Re: SCSI target and IO-throttling

Steve Byan <smb@xxxxxxxxxxx> · Fri, 10 Mar 2006 14:47:11 -0500

On Mar 10, 2006, at 1:46 PM, Vladislav Bolkhovitin wrote:

Steve Byan wrote:
On Mar 9, 2006, at 1:37 PM, Vladislav Bolkhovitin wrote:

I mean the barrier between journal writes and metadata writes,  
because they order is essential for a FS health.

I counted journal writes as metadata writes. If you want to make a  
distinction, OK, we now have a common language.

Obviously, having only one ORDERED, i.e. journal, write and having  
to wait for it completition before submitting subsequent commands  
creates some performance bottleneck.

It might be obvious but it's not true.

You missed my point about group commits to the journal. That's why  
there's no performance hit for only having one outstanding journal  
write at a time; each journal write commits many transactions. Stated  
another way, you don't want to eagerly initiate journal writes; you  
want to execute one at a time, and group all transactions that arrive  
while the one write is active into the next write.

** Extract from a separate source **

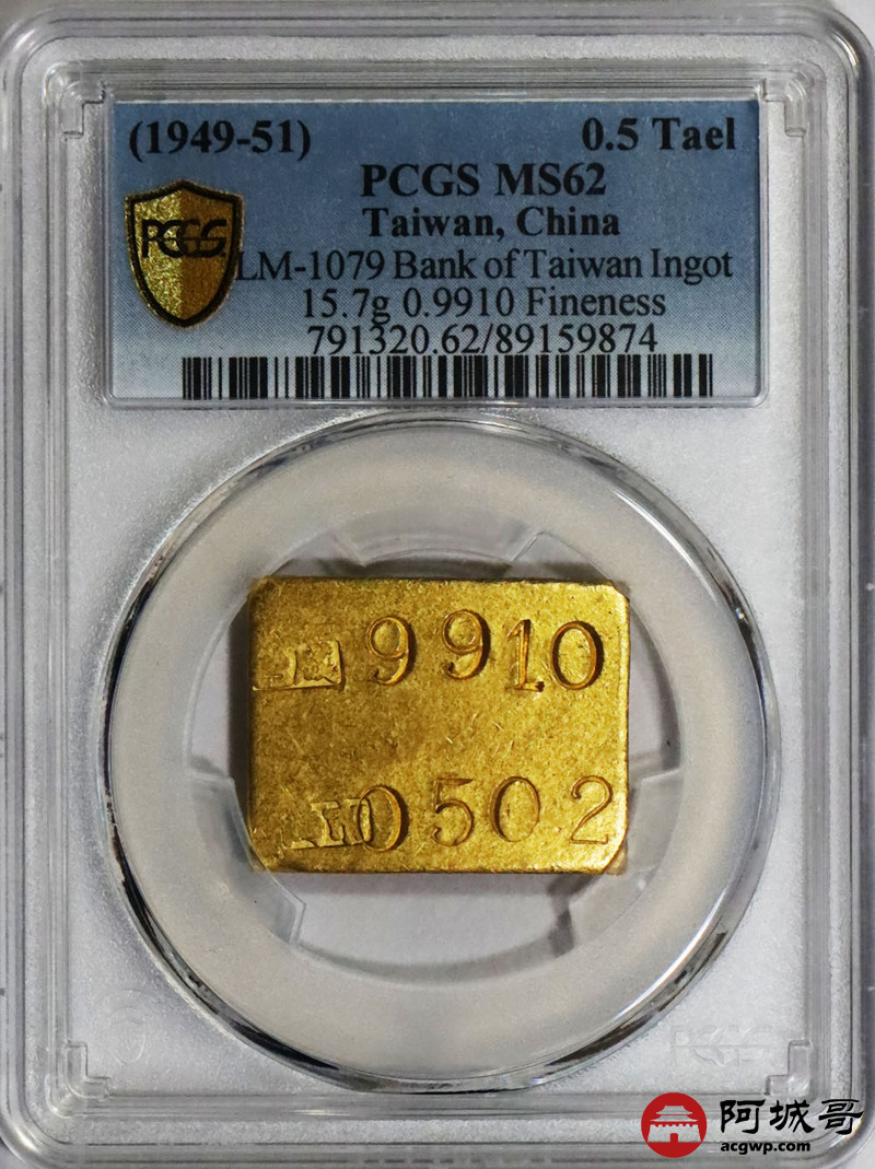 Lot:1514 1949-1951年台湾银行“市两0.499”纪重金片一枚,15.6g PCGS MS61评级编号:89159874

See the seminal paper from Xerox PARC on "Group Commits in the CEDAR  
Filesystem". I'm working from memory so I can't give you a better  
citation than that. It's an old paper, probably circa 1987 or 1988,  
published I think in an ACM journal.

I've benchmarked metadata-intensive workloads on a journaling  
filesystem with a storage controller with NV-RAM arranged so that all  
metadata and journal writes complete without any disk activity  
against a vanilla controller. The lights on the disks on the NV-RAM  
controller never came on; i.e. there was _no_ disk activity. The  
lights on the disks attached to the vanilla controller were on solid.  
The performance of the two systems was essentially the same with  
respect to average response time and throughput.

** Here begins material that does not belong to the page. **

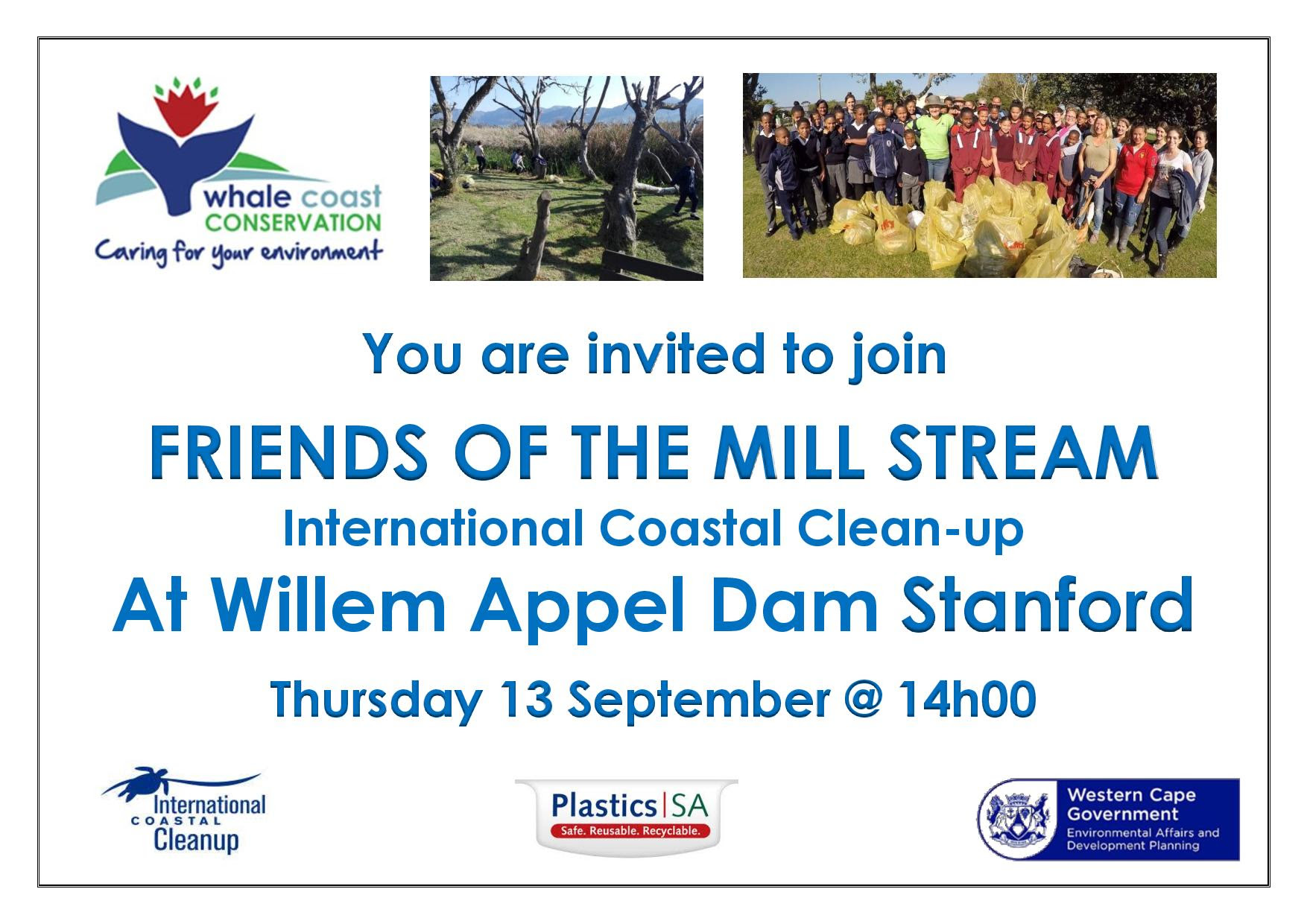 The friends of the Mill Stream invites you to a clean-up session at the Willem Appel Dam.

I mean mostly latency, which often quite big in many SCSI  
transports. It would be much better to queue as many such ORDERED  
commands as necessary and then, without waiting for their  
completition, metadata updates (SIMPLE) commands and being sure,  
that no metadata commands will be executed if any of ORDERED ones  
fail. As far as I can see, nothing prevents to work that way right  
now, except that somebody should implement it in both hardware and  
software.

If you use group commits, there's little value in implementing this.

To the best of my knowledge no current Linux initiator sends SCSI   
commands with a task attribute other than SIMPLE., and you seem to  
be  concerned only about Linux initiators. Therefor your target  
does not  need to preserve order. QUED.

I prefer to be overinsured in such cases.

Suit yourself. Just don't expect help from the SCSI standard, it's  
not designed to do that.

ACA is not important if the command that got the error is  
idempotent  and independent of all other commands in flight. In  
the case of disks  (SBC command set) and CD-ROMs and DVD-ROMs (MMC  
command-set) this  condition is true (given the restriction on the  
number of outstanding  ordered writes which I discussed above),  
and so ACA is not needed.

Yes, when working as you described, ACA is not needed. But when  
working as I described, ACA is essential.

As is unit attention interlock.

Tapes would need ACA if they did command queuing (which is why  
ACA  was invented), but the practice in tape-land seems to be to  
avoid  SCSI command queuing and instead asynchronously stage the  
operations  behind the target. This does lead to complications in  
error recovery,  which is why tape error handling is so problematic.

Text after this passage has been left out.